Pharmaceutical Executive


Market access still a slow process


Refundable drug regulatory circuit
Nordic Pharma started with its main focus on the hospital market and its biggest business is with gynecology. But in 2007 it successfully launched Metroject, tapping into the rheumatology market, which was new to the company. "Getting the reimbursement of Metroject was a challenge," Rebours-Mory remembers. "But we were quite happy to get reimbursement at a reasonable price, because we are bringing an important novelty to patients".

Despite its core focus on innovation, the system's major drawback might be timing. "The process takes six to seven months which can be perceived as a long time to market.
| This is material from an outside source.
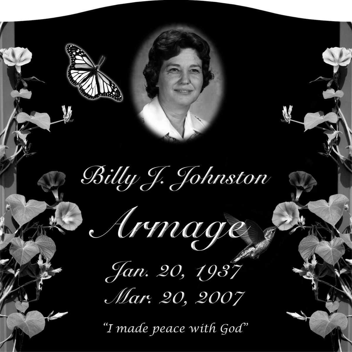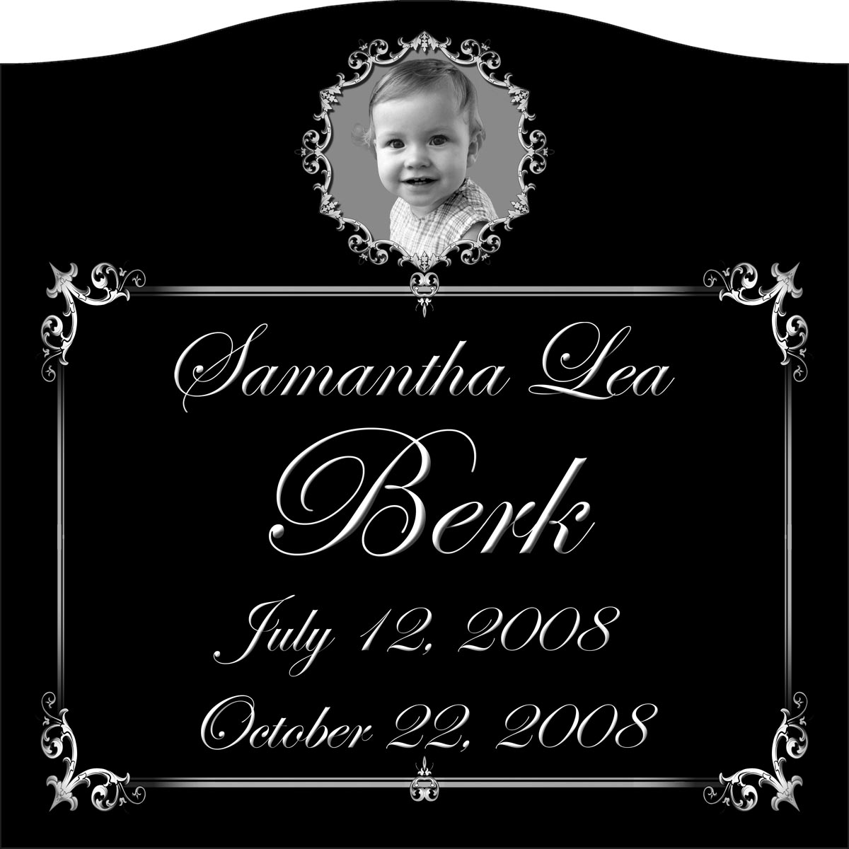 You can also have your favorite photograph permanently transferred onto a porcelain plaque to make a distinct addition to your selection. Contact us for more information.

As a result, the first patient may not have it as quickly as in the UK or the US," acknowledges Renaudin. "We don't want drugs to come to market quicker. In France, for the most innovative drugs there is a Temporary Authorised Use (ATU) system which allows for the use of these drugs in hospitals even before registration and is free to the developer of the drug. Thus, all the new drugs and technology are available in hospitals. On the other hand, we are of the opinion that it is worth the assessment time before outpatient use. This allows for an examination into whether it deserves an innovative price or not," he explains.

For Olivier Daubry, general manager of Celgene France, the ATU is one of the best examples worldwide of early access to innovation, allowing patients to quickly receive innovative drugs for life-threatening diseases with high unmet medical needs. This was the case of Revlimid, which obtained a market authorization in France in June 2007 as a treatment for patients with multiple myeloma after prior therapy. It is now a leading therapy for this indication in France, and the #1 brand worldwide.

Hence the French system seems to fit perfectly with Celgene's overall strategy. "What we try to do at Celgene is to deliver absolute breakthrough innovative medicines. If we understand a project does not bring a significant clinical benefit that dramatically changes people's lives, we drop it," he says.

Celgene also benefitted from a system with Thalidomide, which for several years was available through the ATU process to patients in first line myeloma for elderly patients but also other rare diseases where patients are desperate to have an effective treatment. Thalidomide was eventually officially accessible to outpatients in October 2009, but within a very strict safety framework.

"For life-threatening diseases with high unmet medical needs and where patients have used all registered drugs the ATU system allows innovative drugs to be administered in a very controlled process before registration. It is a positive example for early access to innovation," says Daubry.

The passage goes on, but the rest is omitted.